Planning for additional capacity

  2.6  The analysis above identifies those parts of the network where capacity utilisation is at 90% or more. At these locations traffic growth is constrained and performance suffers. This is not consistent with developing a railway that can deliver substantial lasting improvements in performance and solutions must be sought. Railtrack is working with the SRA to develop proposals for enhancing capacity, and it will be for the SRA to then decide which of these they wish to see developed further. Low cost solutions include changing the timetable and lengthening trains; higher cost solutions involve building new infrastructure.

  2.7  The SRA and Railtrack have commenced a thorough review of the basis on which the timetable is constructed with the aim being to improve the utilisation of the network and the reliability of services. This work is being carried out in conjunction with TOCs.

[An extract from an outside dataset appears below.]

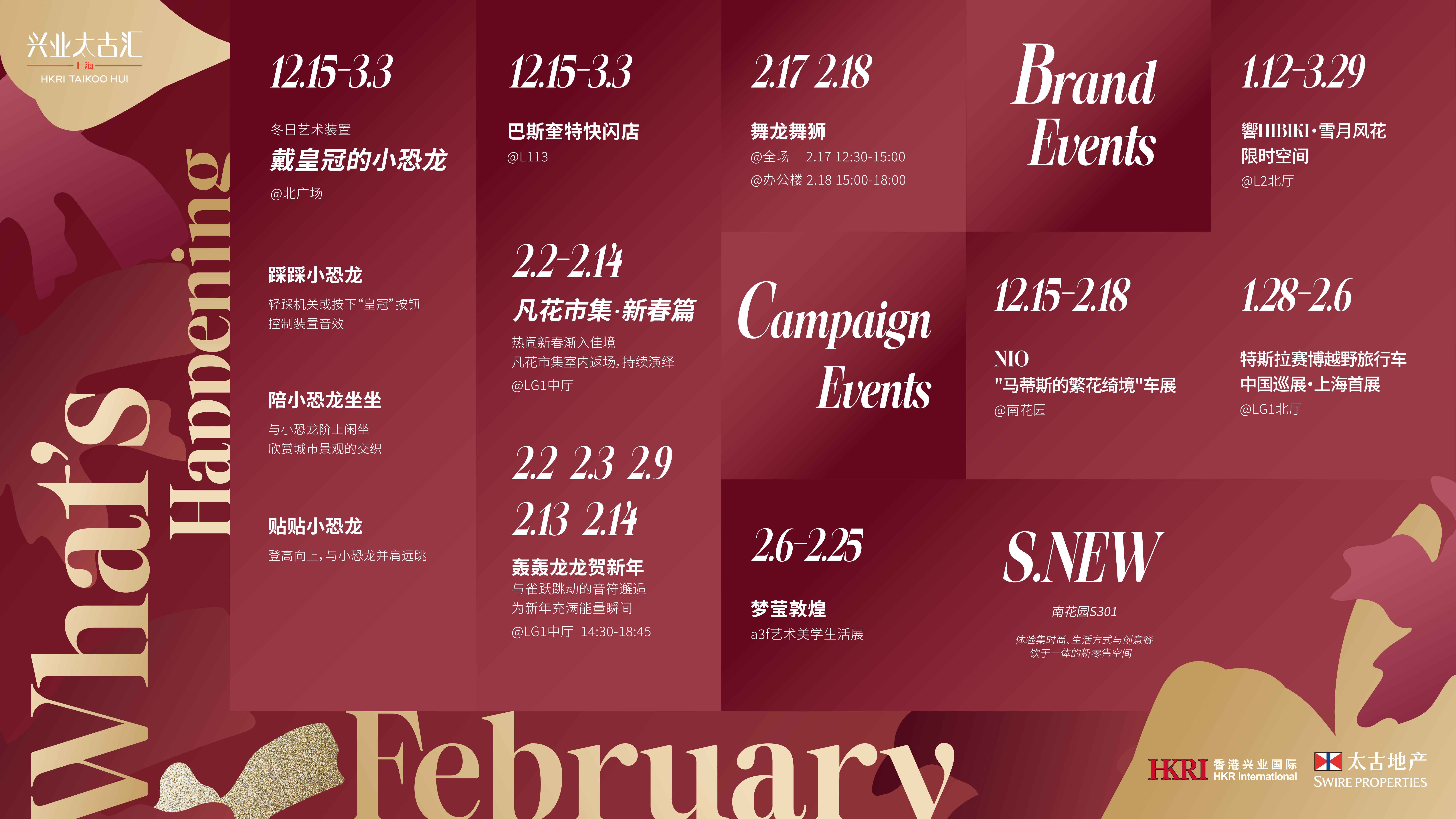 禮遇派送不止如此,興業(yè)太古匯 “轟轟龍龍獻瑞禮”新春促銷攜豐厚新年福利為假日消費加碼,F金禮券、滿額贈禮、積分翻倍等一系列促銷活動不間斷上演,消費者最高可享價值約3000元的禮品,為新春假期加滿活力。

Route reviews for the Greater Manchester area and the Trans-Pennine routes are planned to be implemented in summer 2004.

  2.8  Railtrack has already worked with TOCs in the North to lengthen trains; a recent example being the PTE/SRA sponsored lengthening of Class 333 trains on the Leeds suburban routes. Other opportunities to lengthen trains may emerge from the re-franchising process—Railtrack is closely involved with the SRA and bidders on the development of proposals for the Trans—Pennine and Northern franchises.

  2.9  Larger scale enhancements listed in the SRA strategic plan as being either underway or in the pipeline over the next 10 years include:

    —  East Coast Mainline upgrade.

    —  Gauge enhancement Liverpool-Manchester-Yorkshire-Humber ports to allow deep sea containers and lorry trailers to be conveyed to/from the east coast and Mersey area ports.

    —  Capacity enhancements—South Humberside to Doncaster to allow rail to handle increased volumes of freight tonnage through the Humber ports and reopening of the Brigg line for regular operation of freight traffic.

    —  Additional platform at Manchester Airport station/

  2.10  It should also be noted that in line with the review of engineering and asset management policies which has taken place since Hatfield (October 2000), Railtrack plans to increase its maintenance and renewal spend on all parts of the network. This planned expenditure increase for 2002/03 (up 23% on 2001-02) is expected to be reflected in activity in the North and to result in improvements to overall levels of reliability and performance.

  Alan Bloom, Chris Hill, Scott Martin and Mike Rollings were appointed Joint Special Railway Administrators of Railtrack PLC on 7th October 2001.

  The Joint Special Railway Administrators act as agents of the company and without personal liability.